I recently got a 98 Altima with power antenna, but the antenna has broked. Anyone knwo how to replace it? I have the new one from the dealer, but I'm unsure how to install it/


thanks in advance!


----------



## LONDONDERRY (May 19, 2004)

bmwguy22 said:


> I recently got a 98 Altima with power antenna, but the antenna has broked. Anyone knwo how to replace it? I have the new one from the dealer, but I'm unsure how to install it/
> 
> 
> thanks in advance!



It takes two people to do this.
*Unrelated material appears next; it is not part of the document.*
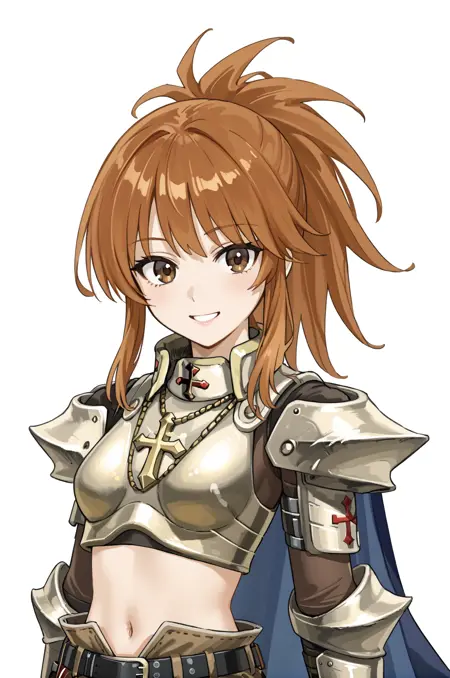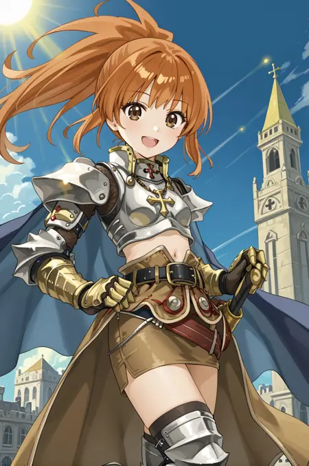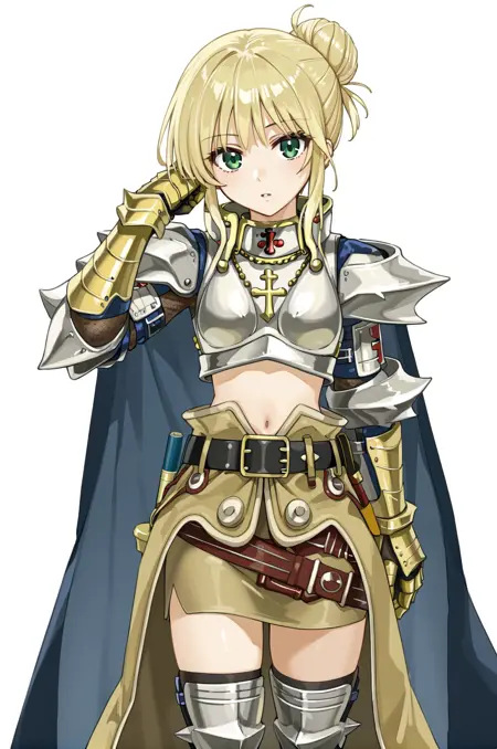 prompt: paladinRO, midriff, navel, blue cape, golden gauntlets, miniskirt, pencil skirt, cross, belt, silver pauldrons, silver breastplate, gorget, cross necklace, waist cape, thigh boots, greaves

First, make sure the radio is off then remove the nut near the antenna base and then have someone turn the radio on, as the ant. is expaning out, grab it and keep pulling until it completley out, the installation is the reverse. additionally i SUGGEST YOU LOOK AT THE hAYNES MANUAL IT HAS GREAT ILLUSTRATIONS.,


----------



## bmwguy22 (Aug 2, 2006)

thanks for youre help!


----------



## bmwguy22 (Aug 2, 2006)

ok, nope, your idea didnt' help. Th eantenna has already fallen out, and there's no way I can access the rest of the antenna as it's stuck in the motor assembly. 

The replacement antenna seems to have a lip on the bottom, which would make it impossible to feed this back into my car/

...sorry, I dont 'have a Hanes


----------



## GoldTima01 (Jun 21, 2006)

I just bought an 01 and it has no antenna.....hm, maybe thsi is why my radio reception sucks.


----------